DATA>
= Beginning of Section =
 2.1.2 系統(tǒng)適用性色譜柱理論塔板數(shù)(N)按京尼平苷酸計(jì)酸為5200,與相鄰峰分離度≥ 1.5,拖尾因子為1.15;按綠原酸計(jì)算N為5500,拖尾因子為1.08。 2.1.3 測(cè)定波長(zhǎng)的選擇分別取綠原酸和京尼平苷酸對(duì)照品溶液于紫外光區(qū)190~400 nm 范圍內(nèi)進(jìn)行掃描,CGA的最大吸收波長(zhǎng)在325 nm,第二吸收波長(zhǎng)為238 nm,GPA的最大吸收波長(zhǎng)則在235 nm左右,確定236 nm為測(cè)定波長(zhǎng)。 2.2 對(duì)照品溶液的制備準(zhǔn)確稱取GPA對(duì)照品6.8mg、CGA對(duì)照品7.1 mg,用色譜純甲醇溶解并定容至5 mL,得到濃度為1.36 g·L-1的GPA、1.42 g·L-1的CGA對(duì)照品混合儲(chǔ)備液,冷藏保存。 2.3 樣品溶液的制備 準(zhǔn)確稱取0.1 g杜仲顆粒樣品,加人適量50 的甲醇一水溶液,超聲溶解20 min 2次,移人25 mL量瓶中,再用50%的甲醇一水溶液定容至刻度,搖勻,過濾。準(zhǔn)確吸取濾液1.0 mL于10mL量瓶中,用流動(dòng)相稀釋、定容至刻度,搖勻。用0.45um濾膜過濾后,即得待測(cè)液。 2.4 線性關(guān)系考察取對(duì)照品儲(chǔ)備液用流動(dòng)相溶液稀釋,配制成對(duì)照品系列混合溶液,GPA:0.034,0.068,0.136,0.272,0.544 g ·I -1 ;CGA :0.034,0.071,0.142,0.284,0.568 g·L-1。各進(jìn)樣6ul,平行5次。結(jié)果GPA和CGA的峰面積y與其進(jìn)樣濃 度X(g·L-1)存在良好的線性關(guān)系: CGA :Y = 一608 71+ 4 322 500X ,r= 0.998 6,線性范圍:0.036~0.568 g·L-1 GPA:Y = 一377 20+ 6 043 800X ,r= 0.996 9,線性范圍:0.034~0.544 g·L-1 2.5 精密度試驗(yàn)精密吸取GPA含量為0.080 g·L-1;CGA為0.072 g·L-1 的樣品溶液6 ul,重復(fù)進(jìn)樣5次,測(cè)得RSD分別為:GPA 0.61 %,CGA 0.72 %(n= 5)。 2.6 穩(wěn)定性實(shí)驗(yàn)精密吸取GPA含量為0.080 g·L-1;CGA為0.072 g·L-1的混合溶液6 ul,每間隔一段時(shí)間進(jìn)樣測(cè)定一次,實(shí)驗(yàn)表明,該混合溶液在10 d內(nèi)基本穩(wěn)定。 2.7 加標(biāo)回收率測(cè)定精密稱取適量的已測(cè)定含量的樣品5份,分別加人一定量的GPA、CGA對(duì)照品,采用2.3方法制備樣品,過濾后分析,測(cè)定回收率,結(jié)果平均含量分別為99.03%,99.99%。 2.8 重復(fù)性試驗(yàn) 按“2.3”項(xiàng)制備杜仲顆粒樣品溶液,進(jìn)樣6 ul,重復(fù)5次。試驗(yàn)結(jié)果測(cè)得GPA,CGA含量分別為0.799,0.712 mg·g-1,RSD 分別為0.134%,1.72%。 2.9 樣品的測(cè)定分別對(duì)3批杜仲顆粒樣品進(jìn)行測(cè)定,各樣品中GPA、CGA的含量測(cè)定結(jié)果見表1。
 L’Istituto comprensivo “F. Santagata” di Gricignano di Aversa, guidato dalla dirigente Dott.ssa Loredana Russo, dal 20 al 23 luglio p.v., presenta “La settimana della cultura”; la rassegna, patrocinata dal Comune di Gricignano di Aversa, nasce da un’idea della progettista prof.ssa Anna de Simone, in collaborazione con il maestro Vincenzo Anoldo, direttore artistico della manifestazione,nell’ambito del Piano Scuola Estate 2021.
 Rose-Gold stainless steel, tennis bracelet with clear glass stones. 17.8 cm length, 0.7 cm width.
= End of Section =
= Beginning of Section =
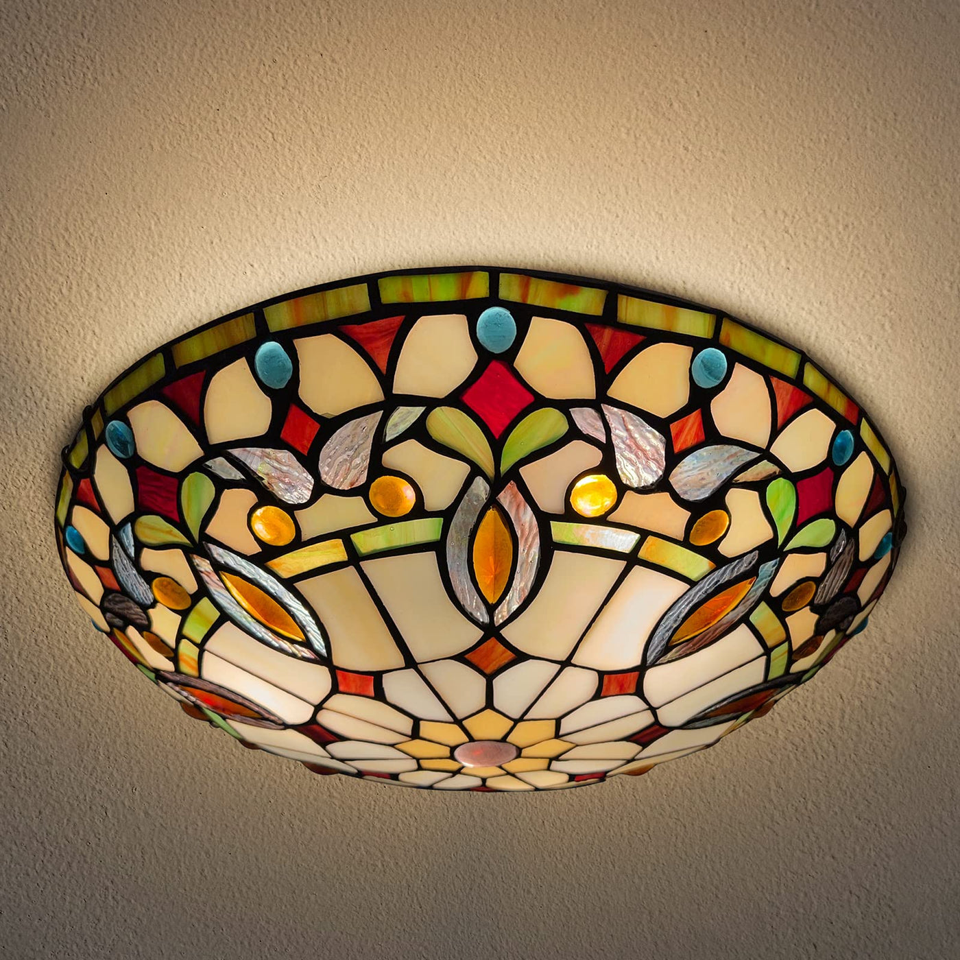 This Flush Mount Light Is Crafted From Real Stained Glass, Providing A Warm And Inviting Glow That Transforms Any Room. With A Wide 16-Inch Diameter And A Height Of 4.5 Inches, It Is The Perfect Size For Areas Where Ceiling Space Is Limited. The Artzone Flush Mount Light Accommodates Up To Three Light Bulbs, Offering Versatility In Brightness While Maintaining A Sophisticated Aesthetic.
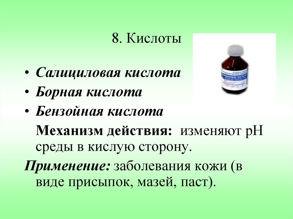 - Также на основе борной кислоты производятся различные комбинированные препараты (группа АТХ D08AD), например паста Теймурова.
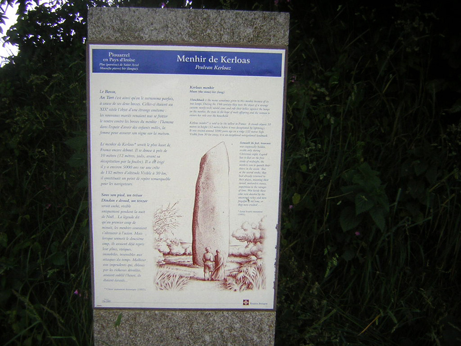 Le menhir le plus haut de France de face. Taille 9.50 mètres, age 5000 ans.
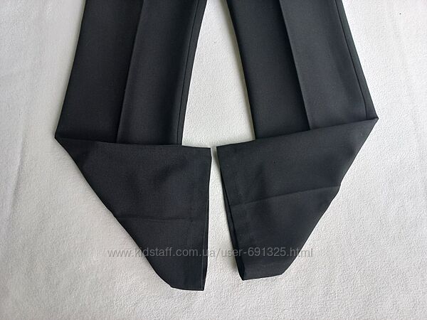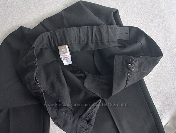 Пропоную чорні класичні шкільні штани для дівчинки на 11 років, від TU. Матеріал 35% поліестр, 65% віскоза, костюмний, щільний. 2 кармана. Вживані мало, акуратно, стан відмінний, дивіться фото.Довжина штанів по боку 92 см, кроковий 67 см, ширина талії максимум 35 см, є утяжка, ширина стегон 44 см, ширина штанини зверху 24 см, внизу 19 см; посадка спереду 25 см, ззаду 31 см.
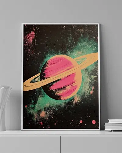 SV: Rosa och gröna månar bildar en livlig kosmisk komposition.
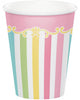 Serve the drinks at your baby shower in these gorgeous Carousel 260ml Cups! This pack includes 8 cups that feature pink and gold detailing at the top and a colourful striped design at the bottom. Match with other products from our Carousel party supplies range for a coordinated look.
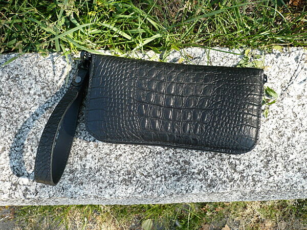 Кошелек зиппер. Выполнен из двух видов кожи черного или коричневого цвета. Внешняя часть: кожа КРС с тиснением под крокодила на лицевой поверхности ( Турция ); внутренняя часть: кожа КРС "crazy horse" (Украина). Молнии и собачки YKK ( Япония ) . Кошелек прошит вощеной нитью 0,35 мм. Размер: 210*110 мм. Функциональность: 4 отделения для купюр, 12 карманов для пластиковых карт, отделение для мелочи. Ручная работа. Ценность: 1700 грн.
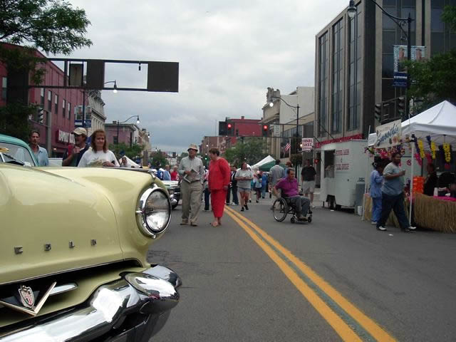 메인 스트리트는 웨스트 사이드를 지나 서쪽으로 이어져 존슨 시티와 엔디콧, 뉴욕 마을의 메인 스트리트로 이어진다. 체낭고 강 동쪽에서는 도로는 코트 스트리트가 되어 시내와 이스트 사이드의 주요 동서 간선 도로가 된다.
= End of Section =
= Beginning of Section =
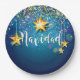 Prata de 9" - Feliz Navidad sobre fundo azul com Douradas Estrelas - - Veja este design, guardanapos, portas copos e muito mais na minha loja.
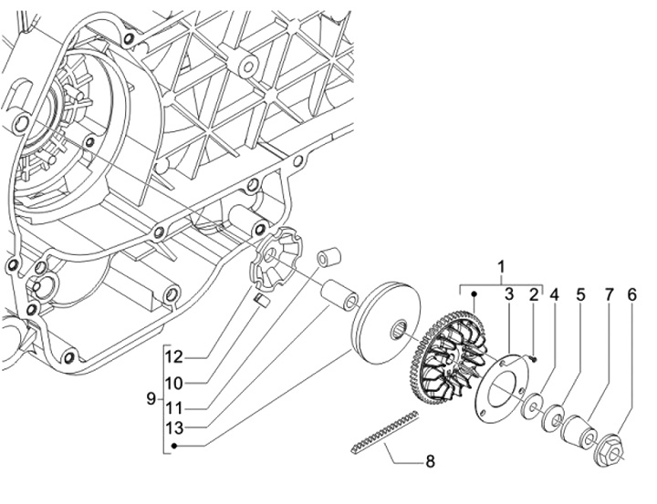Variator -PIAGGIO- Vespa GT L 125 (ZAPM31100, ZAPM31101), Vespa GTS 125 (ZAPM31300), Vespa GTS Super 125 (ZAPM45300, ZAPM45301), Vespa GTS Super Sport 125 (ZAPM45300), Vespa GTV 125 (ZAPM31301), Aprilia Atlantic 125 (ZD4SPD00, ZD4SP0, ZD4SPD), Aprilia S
= End of Section =
AIM OF THE EXERCISE> Write back word for word every line in the entries above from the one with "Кошелек зиппер. Выполнен" to the one with "메인 스트리트는 웨스트", ends included, and none of the pictures.

REPLY TO THE EXERCISE>
 Кошелек зиппер. Выполнен из двух видов кожи черного или коричневого цвета. Внешняя часть: кожа КРС с тиснением под крокодила на лицевой поверхности ( Турция ); внутренняя часть: кожа КРС "crazy horse" (Украина). Молнии и собачки YKK ( Япония ) . Кошелек прошит вощеной нитью 0,35 мм. Размер: 210*110 мм. Функциональность: 4 отделения для купюр, 12 карманов для пластиковых карт, отделение для мелочи. Ручная работа. Ценность: 1700 грн.
 메인 스트리트는 웨스트 사이드를 지나 서쪽으로 이어져 존슨 시티와 엔디콧, 뉴욕 마을의 메인 스트리트로 이어진다. 체낭고 강 동쪽에서는 도로는 코트 스트리트가 되어 시내와 이스트 사이드의 주요 동서 간선 도로가 된다.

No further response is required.